Re: Nagios won't stay up
Posted: Fri Jul 26, 2013 1:45 pm
by kinnema
No config errors (plenty of warnings though

)
I think we may have found the issue... fingers crossed anyway. I found the mysqld log file and a dnx debug log file were over 2GB, so removed those and now it seems to be staying up. At least for the moment.

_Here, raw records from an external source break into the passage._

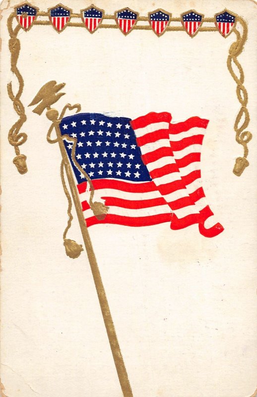 G79/ Patriotic Postcard c1910 American Flag Shield Gold Eagle 7
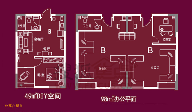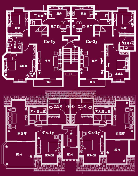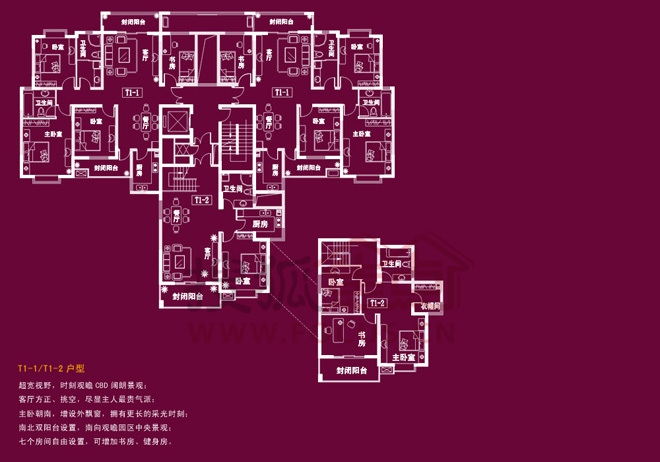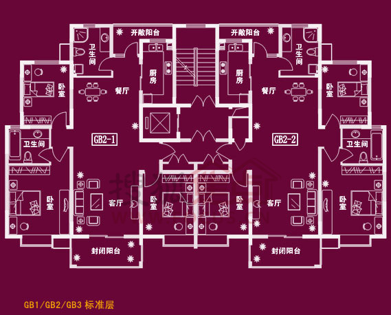 主要户型为:小户型,分为一居室,二居室,三居室,四居室,复 式。
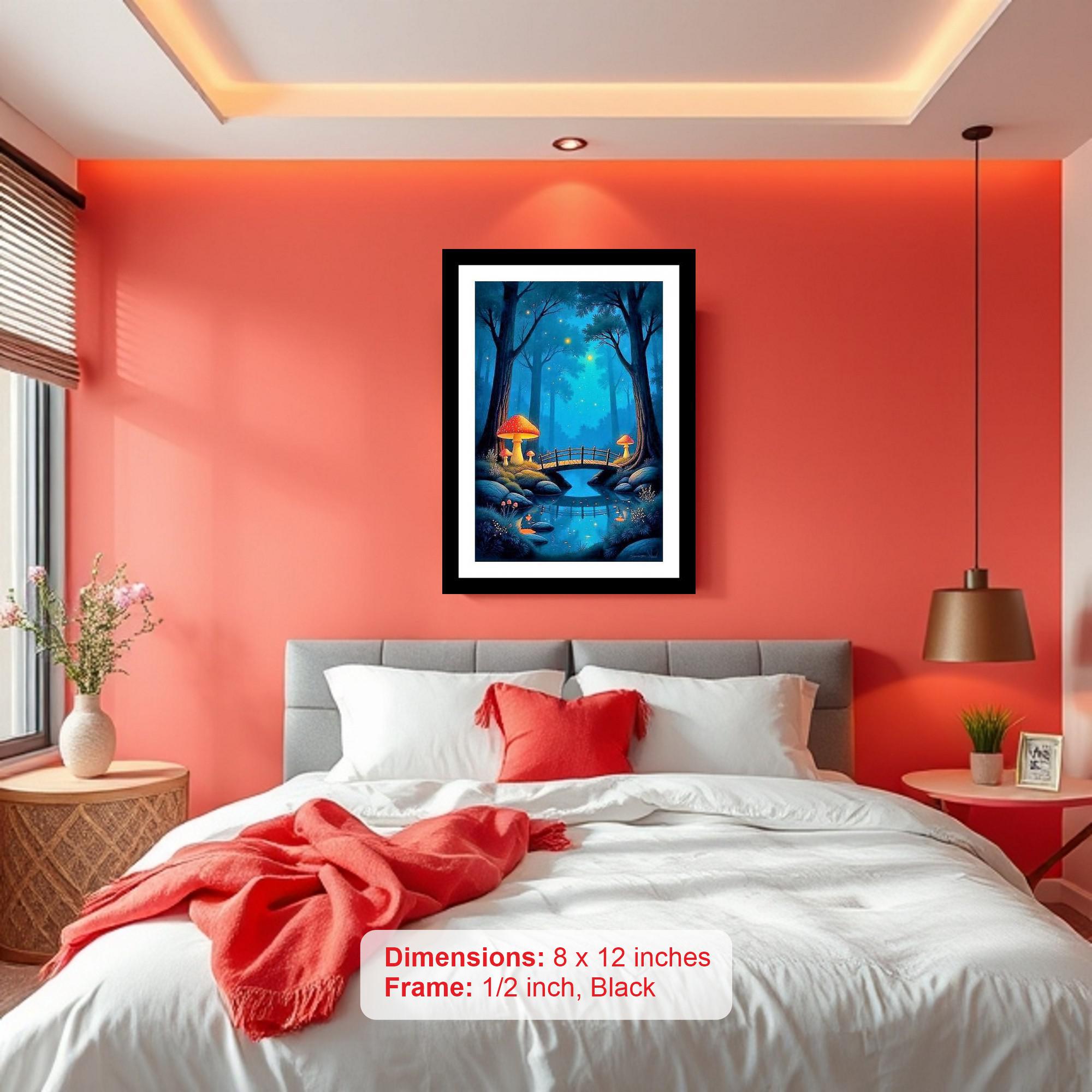 Immerse yourself in the tranquil beauty of nature with this exquisitely framed digital reprint, capturing the ethereal magic of a moonlit night within a dense, enchanting forest. This artwork transports you to a secluded haven where the air is crisp and clean, and the only sounds are the gentle murmur of the stream and the rustling of leaves in the breeze. The focal point is a charming, small bridge gracefully arching over the crystal-clear waters, reflecting the soft glow of the moon and stars like a shimmering mirror. Towering trees, densely packed together, create a verdant canopy that filters the moonlight, casting captivating shadows and dappled light across the forest floor. The artist's skillful use of light and color brings the scene to life, highlighting the various textures of the bark, leaves, and flowing water. The deep greens and blues of the forest are contrasted by the silvery light of the moon, creating a sense of depth and dimension. This captivating artwork is more than just a picture; it's an escape, a portal to a world of serenity and wonder. Expertly printed on high-quality archival paper to ensure vibrant colors and lasting detail, this reprint is then meticulously framed in a carefully selected frame that complements the artwork perfectly, adding a touch of elegance and sophistication to any room. Whether you're looking to enhance your living room, bedroom, office, or any other space, this framed print will undoubtedly become a cherished focal point, inspiring tranquility and admiration for years to come. Bring the beauty of the forest indoors and let the calming ambiance of this stunning artwork transform your space into a sanctuary of peace and relaxation. Perfect as a gift for nature lovers, art enthusiasts, or anyone seeking a touch of serenity in their lives, this framed digital reprint is a timeless treasure that will be appreciated for its beauty and artistry.
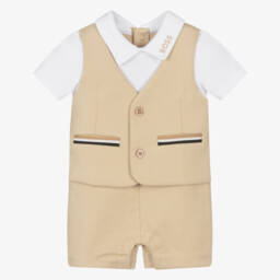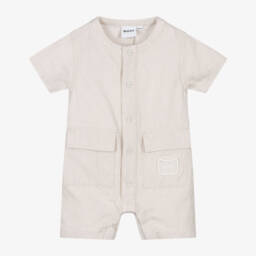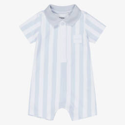 A sweet pink cotton shortie for baby girls by BOSS, patterned with Double B monogram logos. Made in soft and comfortable piqué, it has contrasting pink piping and easy popper fastenings on the front, with a branded popper at the neck.
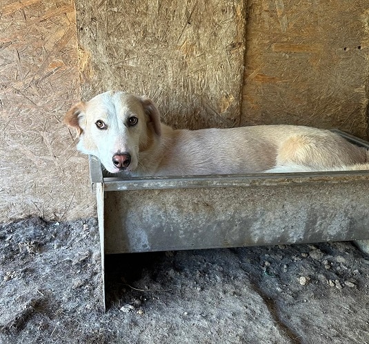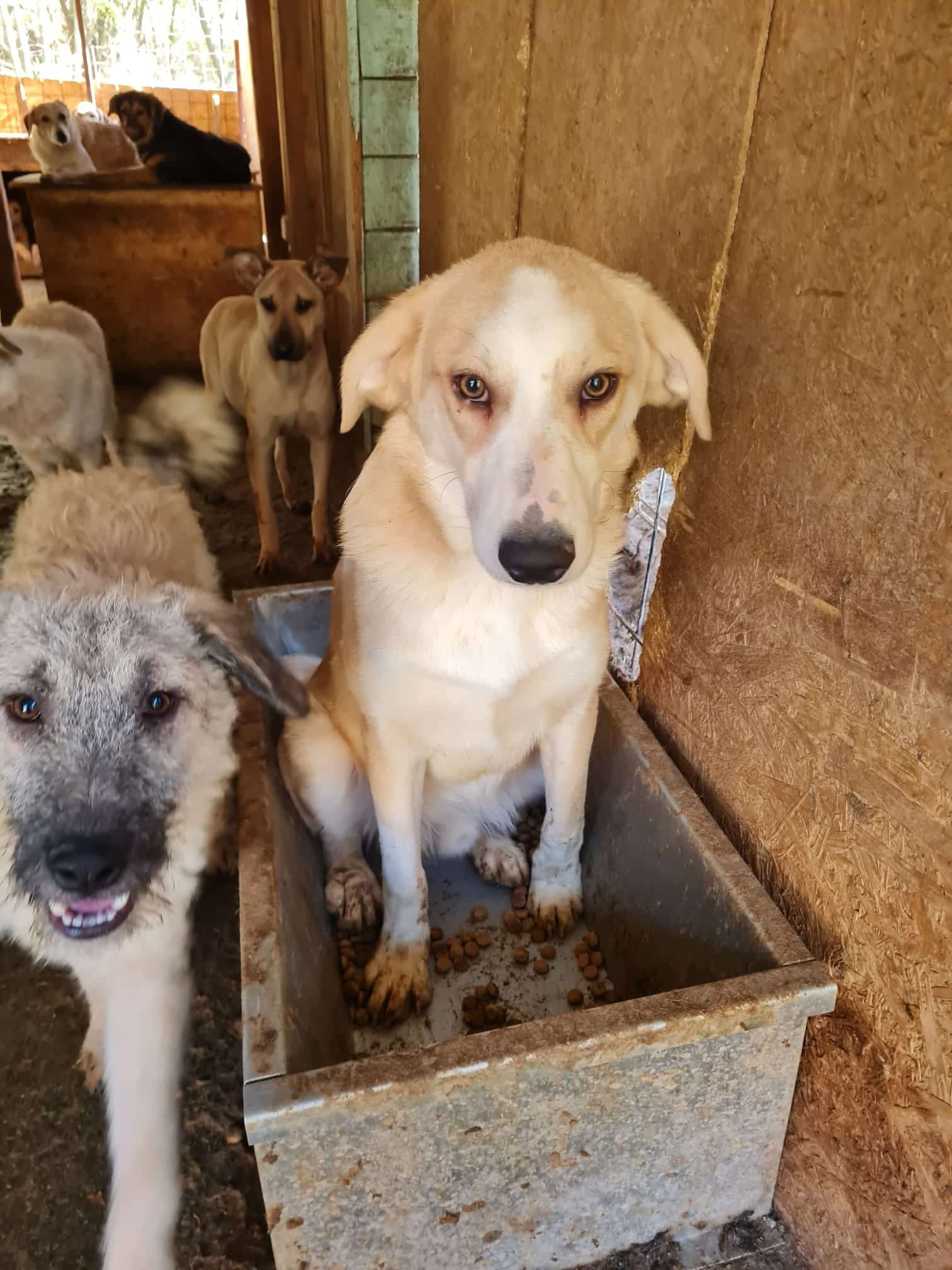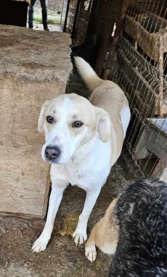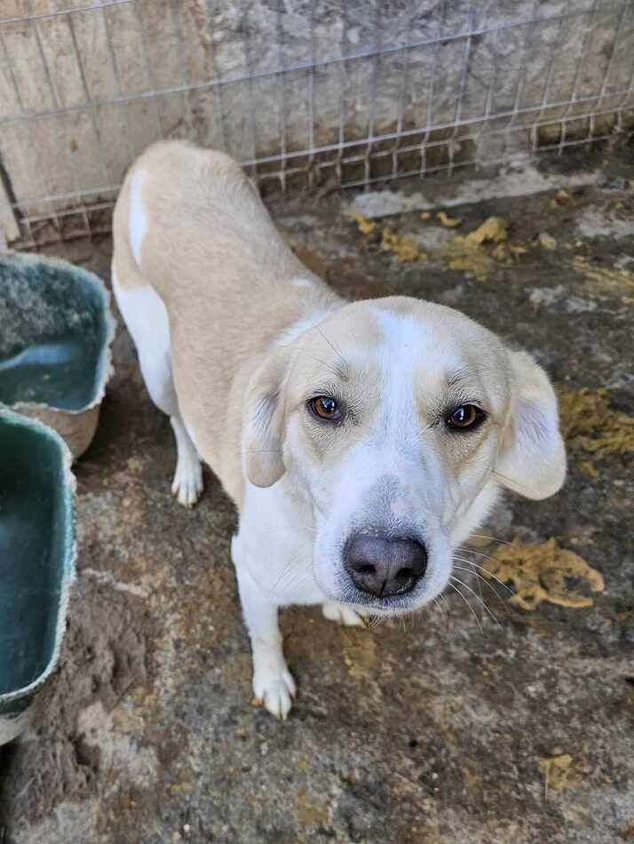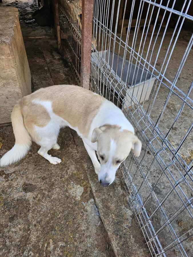 Update 04/24: Cappuccino ist seit 1,5 Jahren im Shelter und ist leider hier groß geworden. Er zeigt sich weiterhin verträglich und ist ein freundlicher Rüde. Er ist zwar unsicher aber anfassbar. Selbst als über der Hütte etwas polterte, lief er nicht gleich panisch davon, er bleibt defensiv und bleibt und liess sich weiter anfassen. Natürlich wird er erfahrene Menschen brauchen, die ihm zeigen, dass die Welt schön ist und noch mehr zu bieten hat, als wenige qm und kalten, dreckigen Beton mit Gitterstäben.
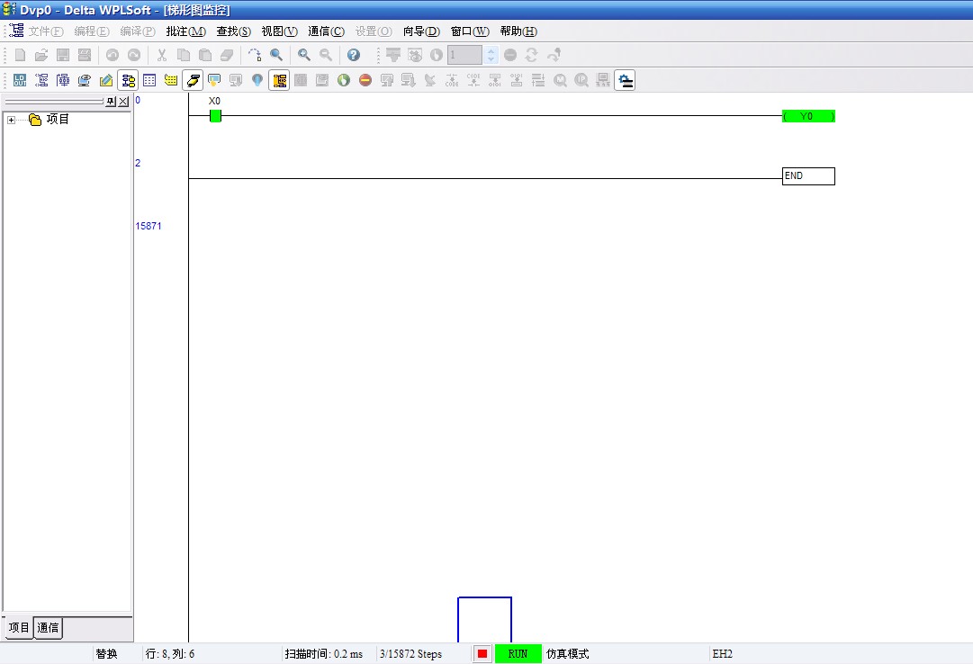 台达要这样才能仿真。,一.单击仿真器; 二.单迹线上模式;三单击运行PLC;四.单击装置监视窗口;五单击装置名称,输入装置即可
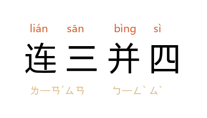 引老舍 《赵子曰》第十九:“赵子曰 一声不发,只连三并四的磕瓜子。”老舍 《二马》第四段三:“李子荣 拉住 马威 的手不放,连三并四的说:‘谢谢你!’”

I'll post back in a bit and let you know either way. Thanks for the help!
Re: Nagios won't stay up
Posted: Fri Jul 26, 2013 1:51 pm
by lmiltchev
H-m-m. I'm glad it's working now but I'm just wondering if you are running out of disk space... What's the output of the following commands?
Re: Nagios won't stay up
Posted: Fri Jul 26, 2013 2:24 pm
by kinnema
Disk space isn't an issue:
$ df -h
Filesystem Size Used Avail Use% Mounted on
/dev/mapper/VolGroup00-LogVol00
3.9G 2.7G 1.1G 72% /
/dev/mapper/VolGroup00-LogVol02
3.9G 2.7G 1.1G 72% /home
/dev/mapper/VolGroup00-LogVol06
632G 78G 522G 13% /opt
/dev/mapper/VolGroup00-LogVol05
9.7G 5.0G 4.3G 54% /var
/dev/mapper/VolGroup00-LogVol01
3.9G 829M 2.9G 23% /usr/local
/dev/sda1 251M 32M 207M 14% /boot
tmpfs 24G 0 24G 0% /dev/shm
tmpfs 100M 39M 62M 39% /var/nagiosramdisk
$ df -i
Filesystem Inodes IUsed IFree IUse% Mounted on
/dev/mapper/VolGroup00-LogVol00
1048576 130285 918291 13% /
/dev/mapper/VolGroup00-LogVol02
1048576 18497 1030079 2% /home
/dev/mapper/VolGroup00-LogVol06
171016192 50956 170965236 1% /opt
/dev/mapper/VolGroup00-LogVol05
2621440 17408 2604032 1% /var
/dev/mapper/VolGroup00-LogVol01
1048576 40368 1008208 4% /usr/local
/dev/sda1 66264 42 66222 1% /boot
tmpfs 94734 1 94733 1% /dev/shm
tmpfs 94734 535 94199 1% /var/nagiosramdisk
Things seem to be stable now.
Re: Nagios won't stay up
Posted: Fri Jul 26, 2013 2:36 pm
by lmiltchev
OK, let us know if you have any more issues. Thanks!